■ **Your instructions**: Write out exactly, with both ends included, the lines that run from the line containing "ဝိုင်ရော့ဘီတရားစခန်း" to the end of the entries. Pictures are not part of the answer.

========

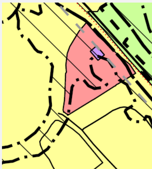
Utsnitt revidert KDP Knarvik - Alversund
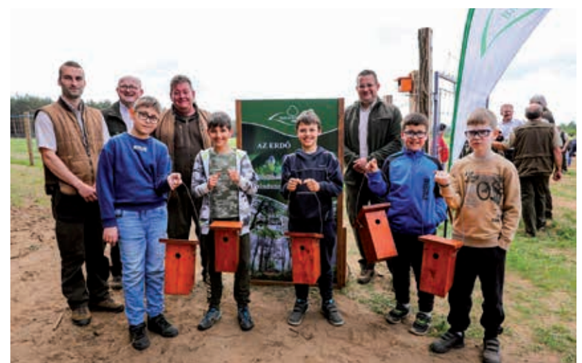
A diákok segítettek a faültetésben és az odúkihelyezésben

Az Energiaügyi Minisztérium (EM) miniszterhelyettese, dr. Koncz Zsófia államtitkár kiemelte, az Újszülöttek Erdejé Programot az Agrárminisztérium irányításával az erdőgazdaságok valósítják meg országsszerte. Zambó Péter erdőért és földügyekért felelős államtitkár kihangsúlyozta, a trianoni békediktátum után az ország erdőszűrsége 11
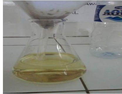
Gambar 2 Asap cair setelah destilasi
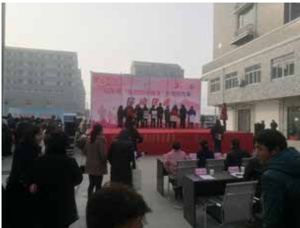
·启东文化进万家活动。
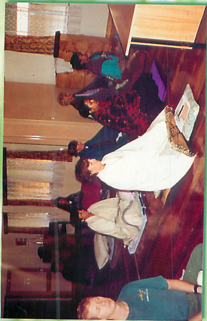
ဝိုင်ရော့ဘီတရားစခန်း
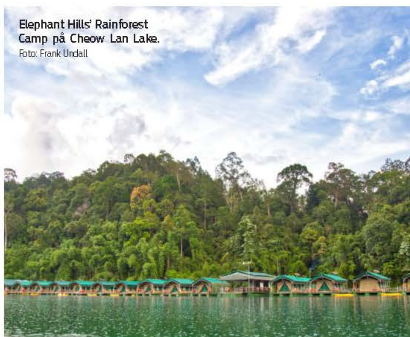
Elephant Hills' Rainforest Camp på Cheow Lan Lake.
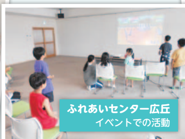
ふれあいセンター-広丘 イベントでの活動
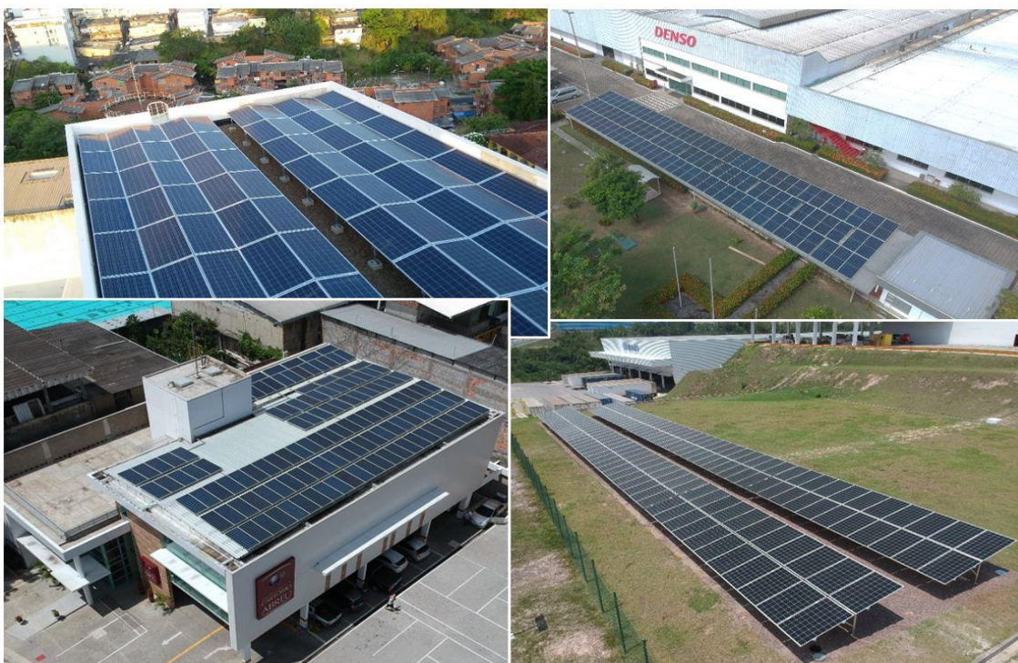
Imagem de algumas de nossas obras executadas em Manaus-AM
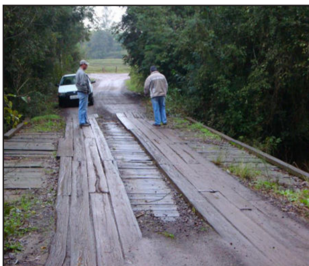
Ponte sobre o Arroio Estrela será demolida
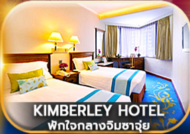
KIMBERLEY HOTEL พักใจกลางจิมซาจุ้ย
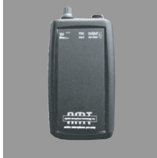
Belt Pack BP-40
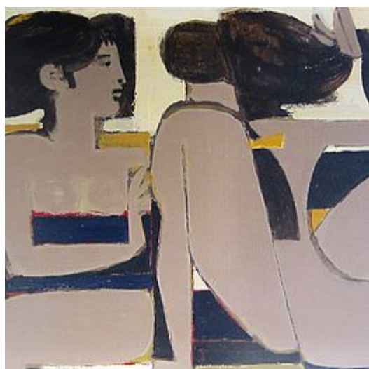
Seated Women, 1971

acrylique sur toile signée, titrée et datée "Y Moralis | seated women | 1971" en haut à droite 48 x 71 cm 54 x 77 cm (dimension du cadre)
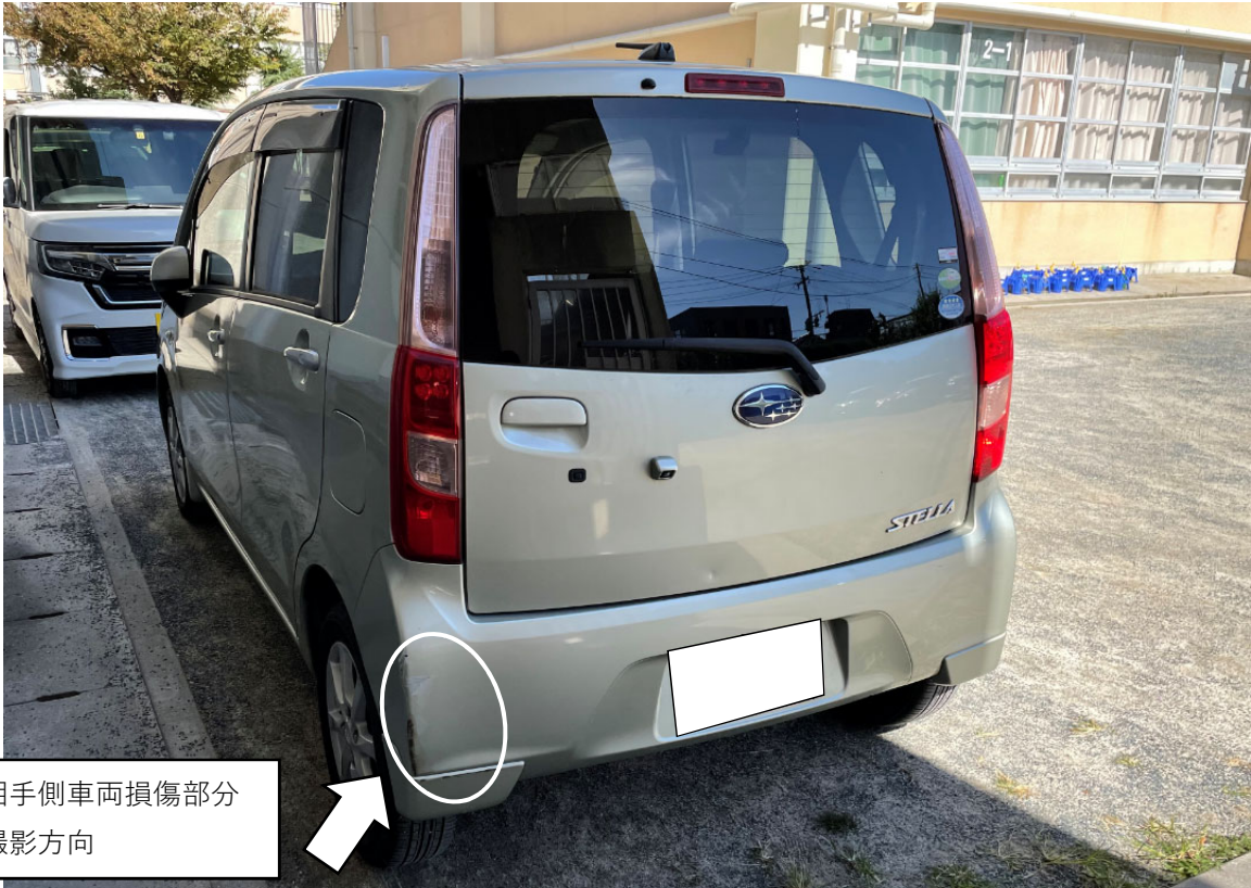
相手側車両損傷部分 撮影方向

========

■ **Exercise response**:
ဝိုင်ရော့ဘီတရားစခန်း
Elephant Hills' Rainforest Camp på Cheow Lan Lake.
ふれあいセンター-広丘 イベントでの活動
Imagem de algumas de nossas obras executadas em Manaus-AM
Ponte sobre o Arroio Estrela será demolida
KIMBERLEY HOTEL พักใจกลางจิมซาจุ้ย
Belt Pack BP-40
Seated Women, 1971

acrylique sur toile signée, titrée et datée "Y Moralis | seated women | 1971" en haut à droite 48 x 71 cm 54 x 77 cm (dimension du cadre)
相手側車両損傷部分 撮影方向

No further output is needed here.